建設事業では、オフィス内装工事や通信ネットワーク関連工事などの受注件数が前年同期比で増加し、増収増益を達成した。また、海外開発事業では、2024年8月に着工したベトナム新規分譲マンションプロジェクト(第2号案件「HIYORI Aqua Tower」)が、2026年度下半期の竣工に向けて順調に進行している。加えて、ベトナムダナン市における3号物件に向けて、土地仕入の情報収集を同時進行で進めている。
3. 財務状況
2026年3月期中間期末の資産合計は、前期末比19,578百万円増の237,768百万円となった。リプランニング物件などの仕入やホテル開発案件の進捗により棚卸資産が12,755百万円増加した。また、ホテル開発の進捗により有形固定資産が4,252百万円増加した。

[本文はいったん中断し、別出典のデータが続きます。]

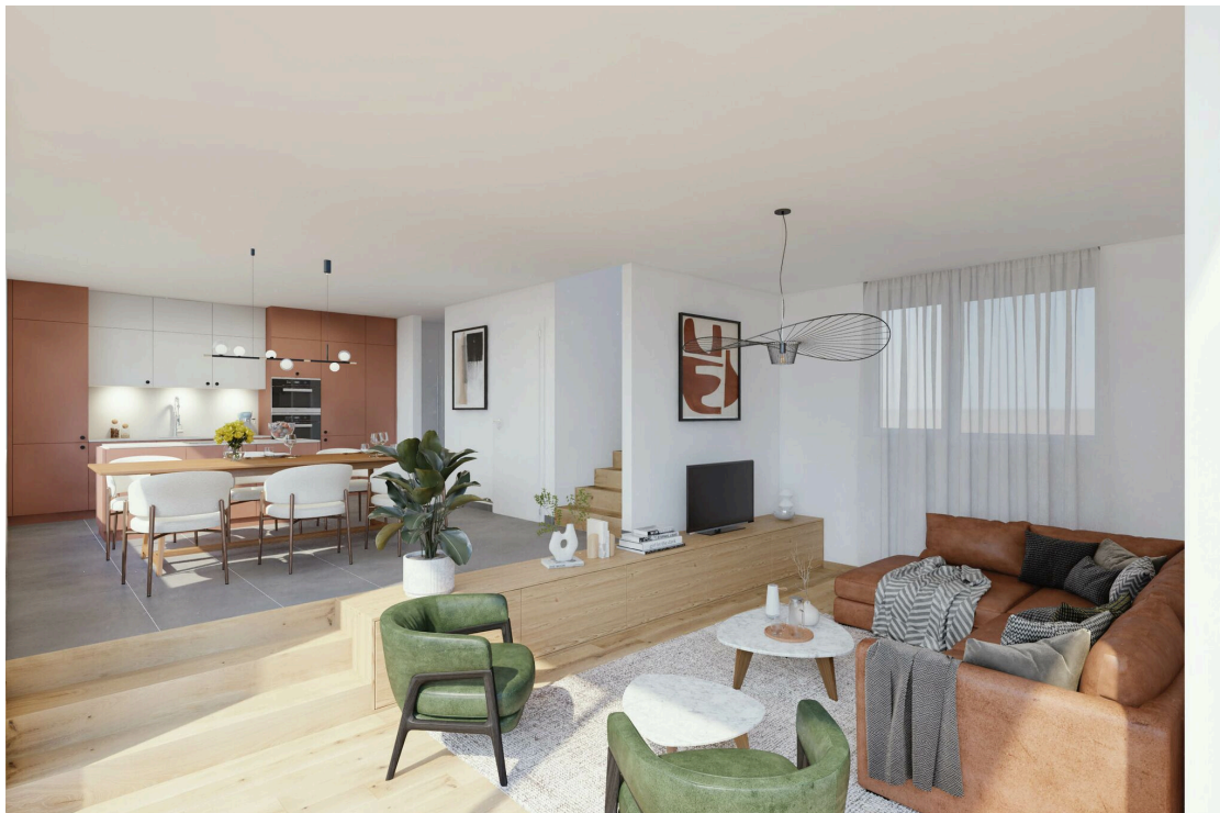
Villa type A - Pièce de vie

負債合計は前期末比16,039百万円増の128,337百万円となった。有利子負債に関しては、物件仕入れに伴う借入金の増加があった結果、同13,759百万円増の106,217百万円となった。1年内返済予定の長期借入金が2,027百万円減少した一方で、短期借入金が2,125百万円、長期借入金が13,662百万円増加した。
純資産合計は前期末比3,539百万円増の109,431百万円となった。配当金の支払い1,606百万円があった一方で、親会社株主に帰属する中間純利益8,993百万円の積み上げ等により増加した。自己資本比率は同1.0ポイント減の45.8%であり、積極投資を進めながらも高水準を維持している。財務健全性は総じて良好であり、現時点で顕在化した大きな懸念は見当たらない。